Here are my top three takeaways + action items (with bonus one-liners at the end) for marketers:

1. Oracle wants to help you outsmart time.

New EVP and GM of Oracle CX Cloud, Rob Tarkoff, first asked if there were any clocks visible in Las Vegas.

His point:

“Time is the currency of the Experience Economy."

"It’s now. It’s urgent. CX is a race against time… It’s about looking at the world through your customers’ eyes and asking yourself: Is every experience that my brand delivers worth the time a customer invests with me?”

This focus on time was a common thread of the main stage talks. 

New updates to the Oracle Marketing Cloud reflect this focus, allowing marketers to make the most of the limited time they do have with prospects, and optimize the “micro-moments” that occur in the process of a buyer engaging with a company. 

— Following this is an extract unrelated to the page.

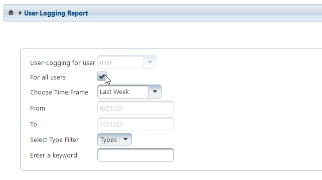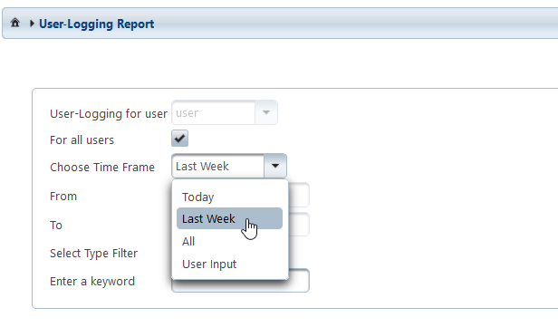 The dropdown list of User-Logging for user can not be changed by common users. Administrators, however, can select certain users in order to look at their reports. To facilitate the selection, it is possible to search for user names in this list.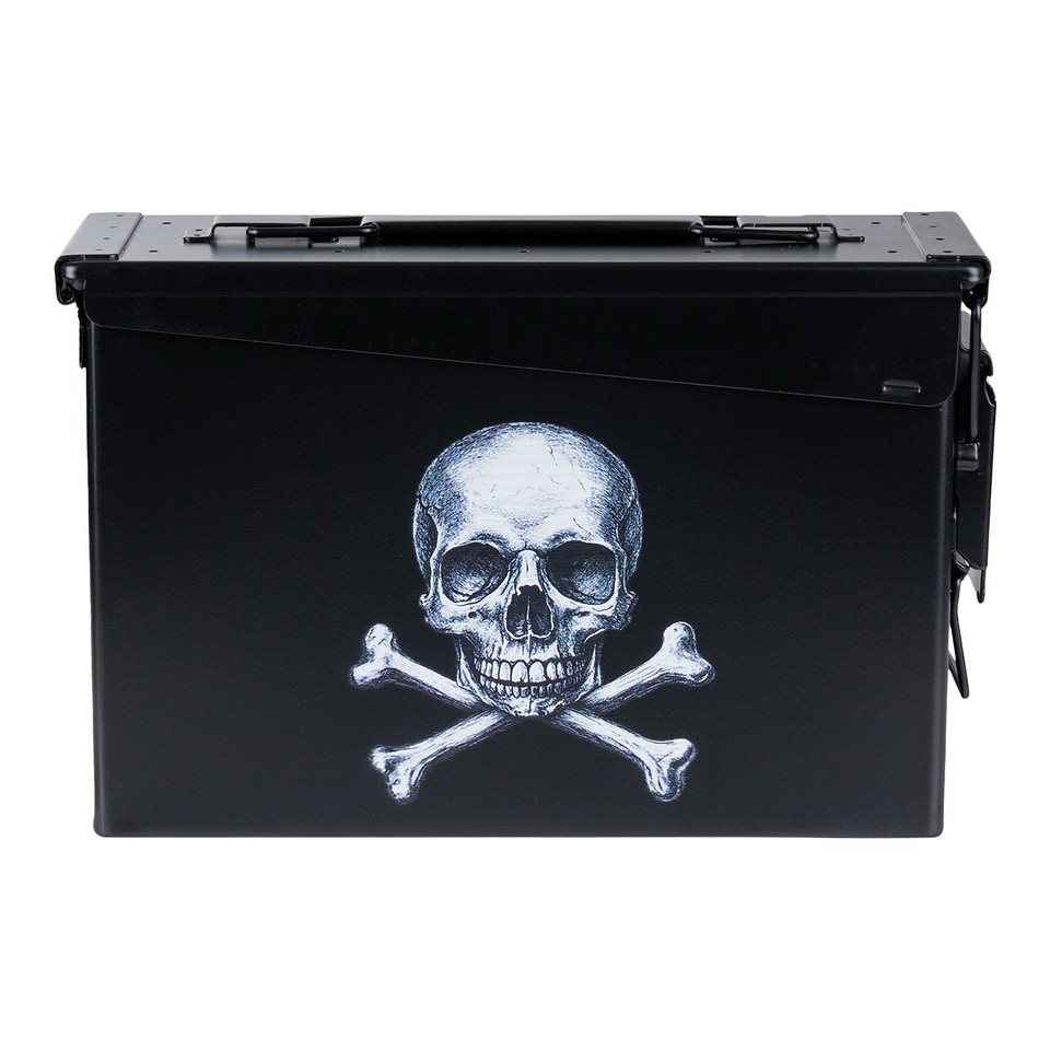 Muniční bedna s potiskem. Ocelová konstrukce. Rozměry 27,6 x 9,6 x 17,9 cm. Další informace

The best place to read about those is within Ginger Conlon's thorough piece for The Drum:

Updates to Oracle Infinity and Oracle Maxymiser include an integration between the two designed to provide marketers with the ability to visualize user behaviors with heat and zone maps — allowing them to improve the customer experience on their website. [Maximizing their time on-site.]

Additionally, the new Oracle Infinity Action Center provides insight into behavioral data from across touchpoints that marketers can use to improve segmentation and better personalize communications in real time. And a new Recommender engine uses that behavioral data to support one-to-one targeting at scale.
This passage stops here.